An elementary graphical analysis leads us to three variants for our cubic polynomial $F'(x)$:
$$ i) F''(x_{*}) = 0, \quad F''(x_{**}) > 0, $$
$$ii) F''(x_{*}) > 0, \quad F''(x_{**}) = 0,$$
$$iii) F''(x_{*}) > 0, \quad F''(x_{**}) < 0,
\quad F''(x_{***}) > 0, \quad (14)$$
where $x_{***}$ is the third root: $F'(x_{***}) = 0$, obeying (without loss of generality) $x_{***} > x_{**} $.

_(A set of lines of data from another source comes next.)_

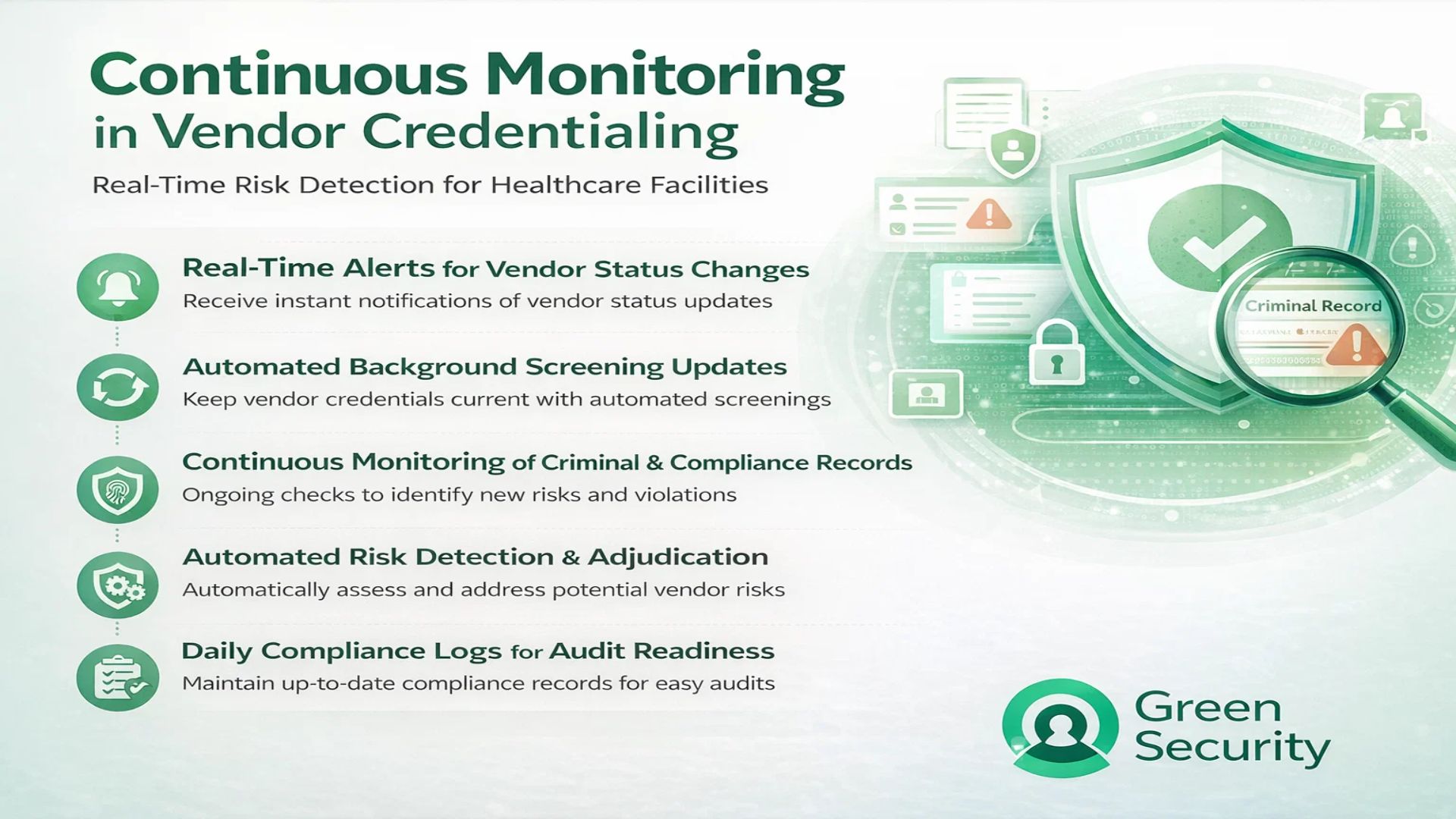To address these gaps, Green Security has launched Continuous Monitoring, the first solution designed specifically for healthcare vendor credentialing that provides real-time risk detection and automated compliance monitoring.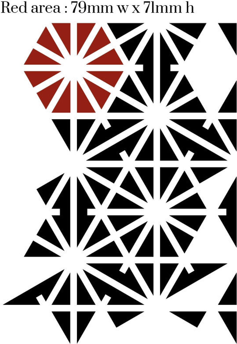 - Follow the registration photo for a seamless pattern.The sizes are for the overall design, the stencil sheet will be larger than this. Please refer to the sizing picture to determine the correct size for your project.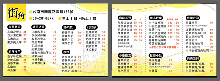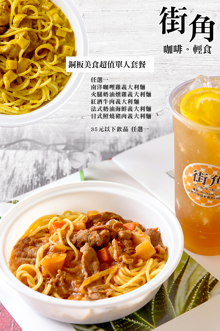 位於台南市南區新興路上,◤街角的濃情,香醇的咖啡,美味的輕食◢,在【街角 咖啡。輕食】可以放鬆心情,悠哉的喝上一杯香醇咖啡,享受忙碌過後的愜意,再搭配手作美味輕食,品味平凡中的不平凡,沉溺於生活中的悠閒!這回優惠釋出,讓您輕鬆品嚐美味的義大利麵,配上一杯特調飲品,享受平淡中的小確幸!

By Rolle's theorem we find that in all three cases
there exist two different roots $x_1$, $x_2$ of quadratic polynomial
$$ H = F''(x) = 0, \qquad (15) $$
(see (5)), which satisfy $x_1 \neq x_2$ and
$$F''(x_1) = F''(x_2) = 0. \qquad (16) $$
By making the redefinition of our variable: $y = x - 1$, we rewrite the quadratic
equation (15) as
$$H = H(y) = 24(ap+1)y^2+ 12(3a(1-a)p^2+(3-2a)p+1)y $$
$$ +(4(a - 1)(a - 2)ap^3+ 6(-a^2 - 3a +2)p^2 -24ap -12 = 0. \quad (17)$$
This quadratic polynomial H(y) should have two different positive roots
$y_1 = x_1 - 1 >0$ and $y_2 = x_2 - 1 > 0$. Due to Vieta's formulas and $ ap+1 >0$
we obtain the following inequalities:
$$3a(1-a)p^2+(3-2a)p+1 < 0, \qquad (18B)$$
$$4(a - 1)(a - 2)ap^3+ 6(-a^2- 3a+2)p^2 -24ap-12 > 0. \quad (18C)$$
Due to (18B) we get
$$1 < a < 2. \qquad (19)$$
It can be readily seen that for this values of $a$ all coefficients
of the cubic polynomial in the left hand side of (18C) are negative and
hence the inequality (18C) is not satisfied for all $p > 0$ and $1 < a < 2$.
Thus, in case (a) we have only one root of cubic polynomial
$F'(x)$ belonging to $(1, + \infty)$. This finishes the proof of the Lemma.